**GOAL OF THE EXERCISE**: Each line of the data must be written out again verbatim; no image belongs in the copy.

**INPUT DATA**:
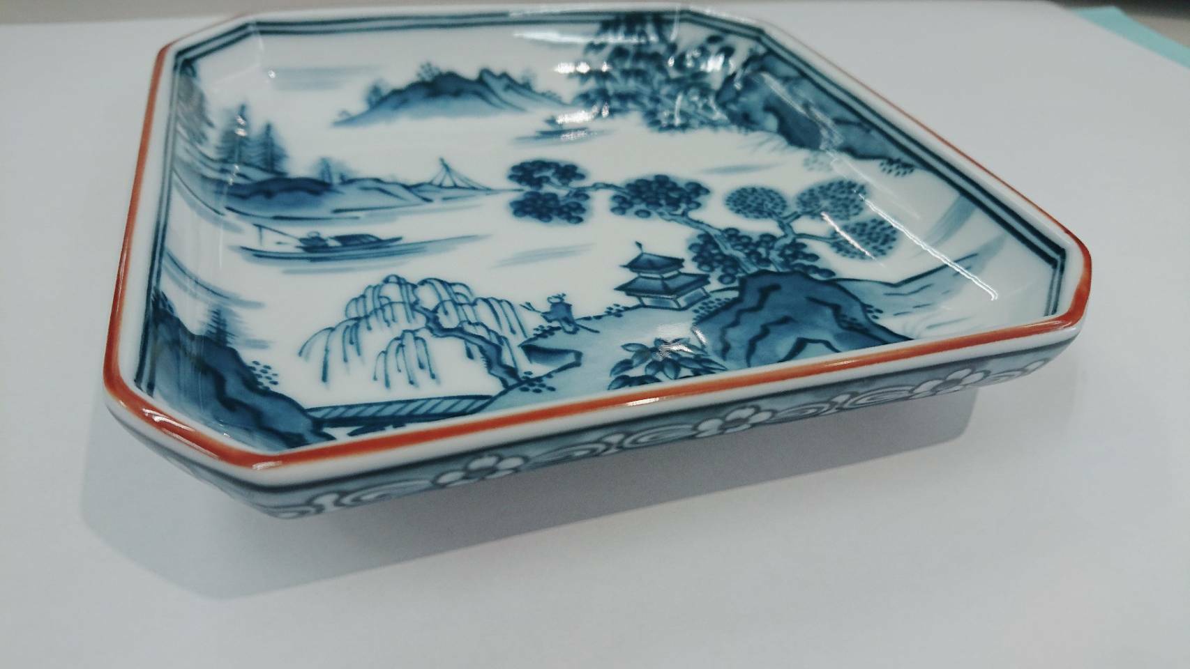 お皿の中に山水絵が描かれています。
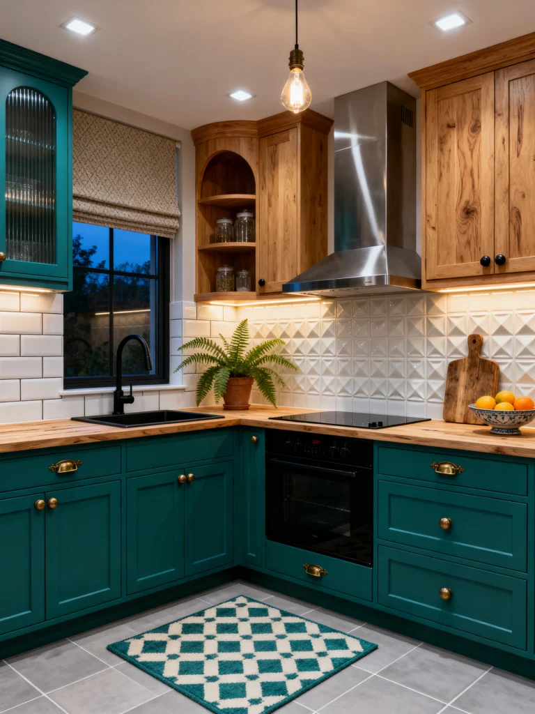 Let’s shift gears into the teal family. This kitchen is for the minimalist who still wants color. This deep teal (or “dark petrol”) is incredibly chic. By pairing it with light wood countertops and a white “penny tile” or textured backsplash, the kitchen stays looking modern and sharp.
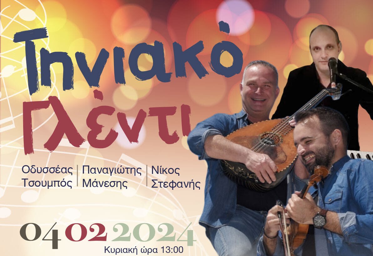 Τηνιακό Γλέντι με τους Οδυσσέα Τσουμπό, Παναγιώτη Μάνεση και Νίκο Στεφανή στις 04/02/2024 και ώρα 13:00 στον πολυχώρο Ελίζα (παράδρομος Λ. Βουλιαγμένης 511, Ηλιούπολη)
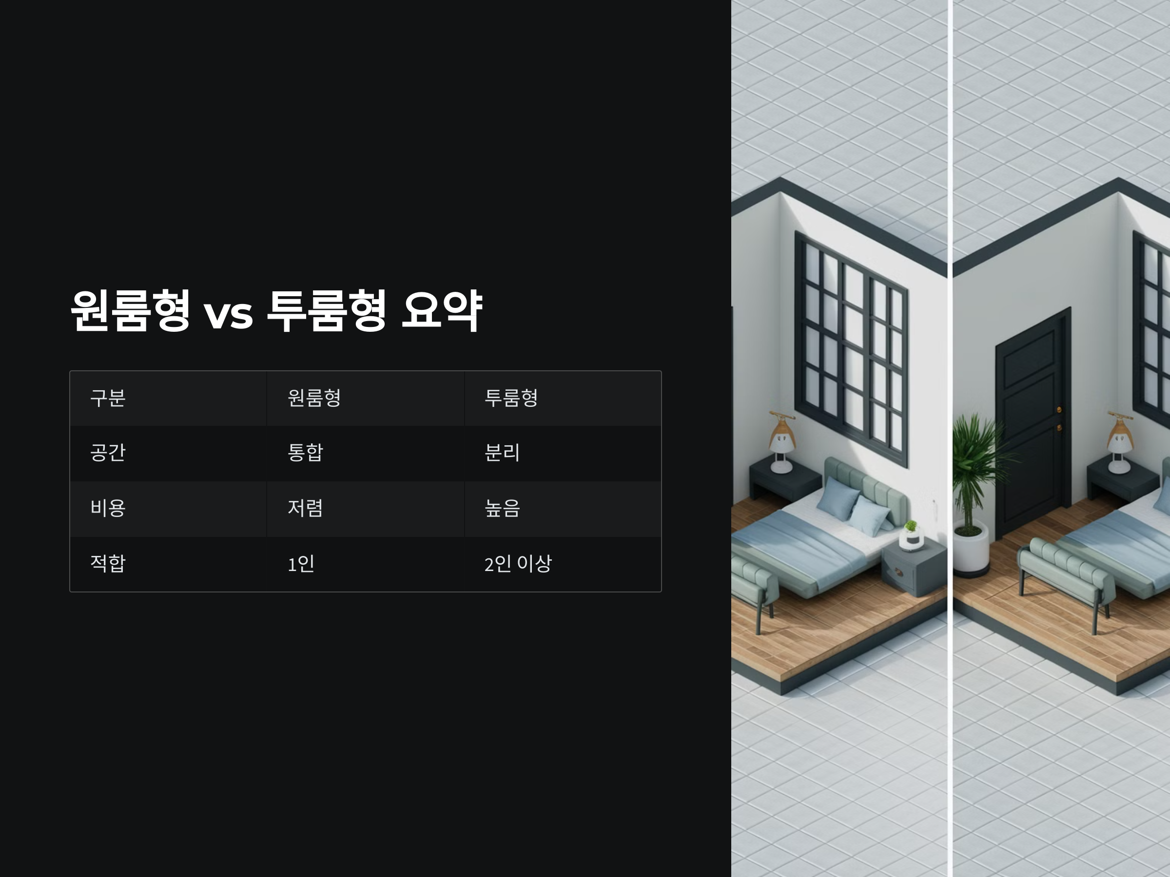 비용 비교: 원룸형 vs 투룸형

**RESULT**:
 お皿の中に山水絵が描かれています。
 Let’s shift gears into the teal family. This kitchen is for the minimalist who still wants color. This deep teal (or “dark petrol”) is incredibly chic. By pairing it with light wood countertops and a white “penny tile” or textured backsplash, the kitchen stays looking modern and sharp.
 Τηνιακό Γλέντι με τους Οδυσσέα Τσουμπό, Παναγιώτη Μάνεση και Νίκο Στεφανή στις 04/02/2024 και ώρα 13:00 στον πολυχώρο Ελίζα (παράδρομος Λ. Βουλιαγμένης 511, Ηλιούπολη)
 비용 비교: 원룸형 vs 투룸형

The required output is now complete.